Well now I’m confused as to the semantics of what we’re talking about lol.

We’re all using ring buffers for everything – the FIFO manager in JUCE isn’t any sort of container, it just helps manage a FIFO ring buffer. It just seems like you’re not actually looping around your buffer @shawnm and are relying on it being a size which is somehow usefully related to your FFT – which we’re saying is not the way to do it.

Then we have this concept of overlapping buffers – I’m guessing @shawnm that you mean this to be 2 separate ring buffers, which are a half window size out of phase which each other (your hop size), which you’re using to get double the FFT callback information, without waiting for a full FFT window size.

Consider this pseudocode:

void pushNextSampleIntoFifo (float sample) noexcept
    fifo1[fifo1Index] = sample;

    If (numDataReady >=  fftSize) {
        // START READ POINT = fifo1Index - fftSize (you may need to wrap about the start & end of the buffer, this is the “Ring Buffer Concept”

    if (fifo1Index >= fifo1Size) {
        fifo1Index = 0;

    // Now were saying half the data is still still ready, so you’ll be ready again at the next fftSize/2 “Hop Size” 
    numDataReady -= fftSize/2

I would say, there really isn’t much wrong with what you’re doing so if this is a PITA than ignore and move on, but if it’s confusing I recommend that you write a delay plugin or something of that sort so you can understand FIFOs better – they’re pretty much universally used in audio and you’ll need them all over the place.

1 Like

My apologies if I’ve added to the confusion. I’m a novice C++ and JUCE developer and I think I’ve used the terms circular(ring) buffer and fifo incorrectly.

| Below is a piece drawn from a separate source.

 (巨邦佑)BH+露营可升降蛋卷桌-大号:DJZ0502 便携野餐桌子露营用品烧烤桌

Here is my attempt to clear the confusion:

  • I am creating an app that estimates a person’s singing pitch in real time using a pitch estimation algorithm that uses an FFT.

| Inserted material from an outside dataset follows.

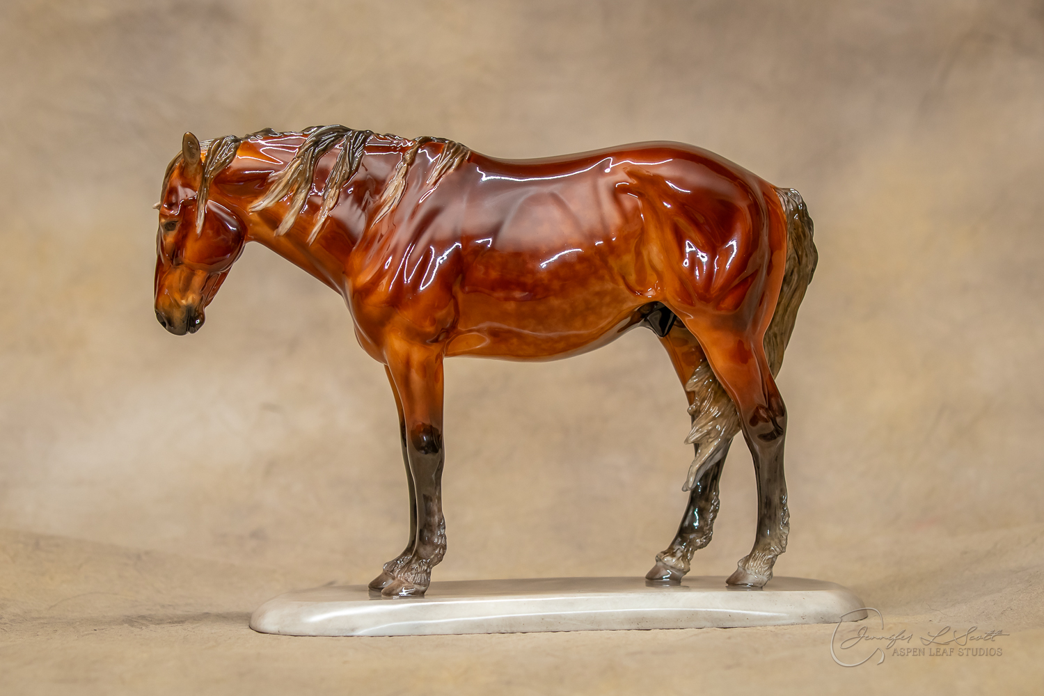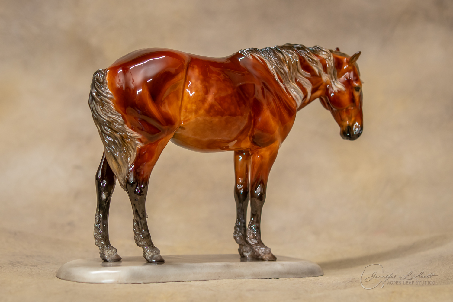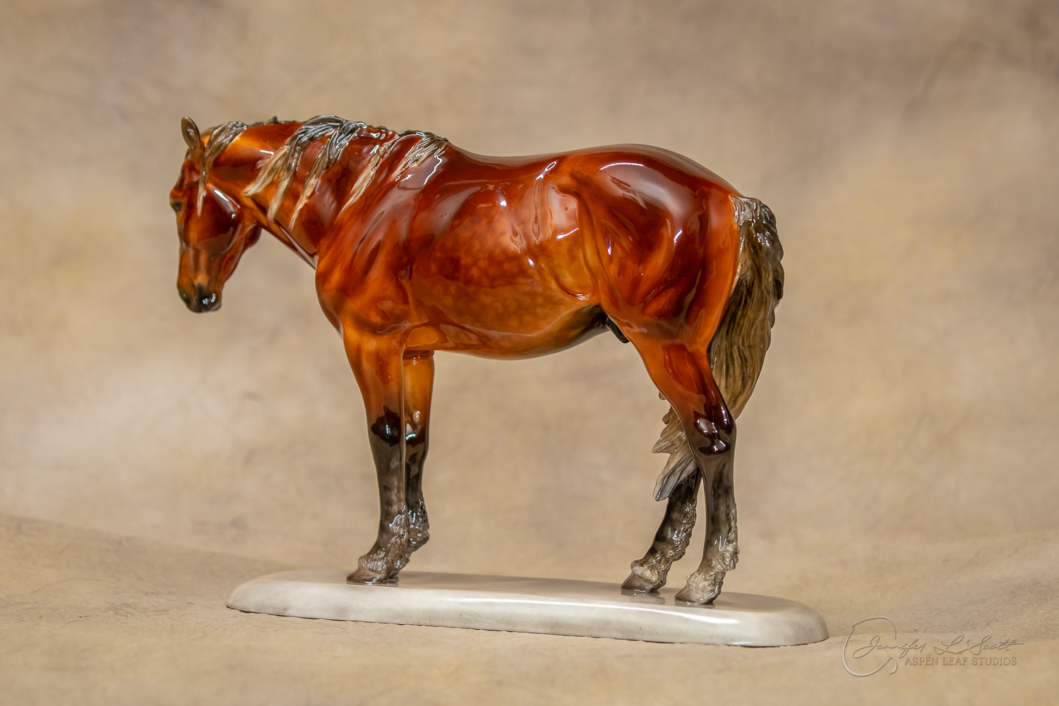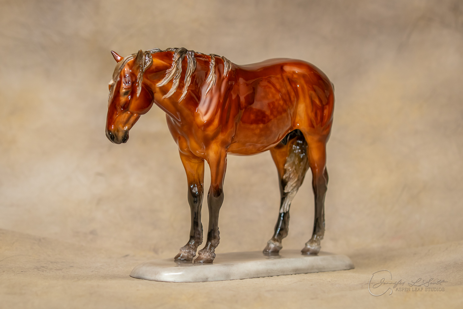 Glossy finish, overglazed dappled silver bay. Finished in 2020.

  • The order of the FFT has to be pretty high (11) to accurately estimate the human voice’s pitch. Consequently, there is significant latency as I wait for enough data for the FFT.

  • The pitch estimation is satisfactory, but the latency is not. So I came up the idea in the op to decrease the latency.

  • As I understand, daniel said that my idea will work, but he suggested a more efficient way of doing it.

  • adamski suggested a third way, which is different than daniel’s.

  • As far as I can tell, the main reason that daniel and adamski do this is to use windowing with the goal of getting more accurate data. hdlAudio seems to be the only one who was doing it for the same latency related reason as me.

For now I will stick with my own solution, since it is working. Hopefully I will be able to revisit this and use a better solution once I have time to figure out what you all are talking about :slight_smile:

Thank you all for your time and patience!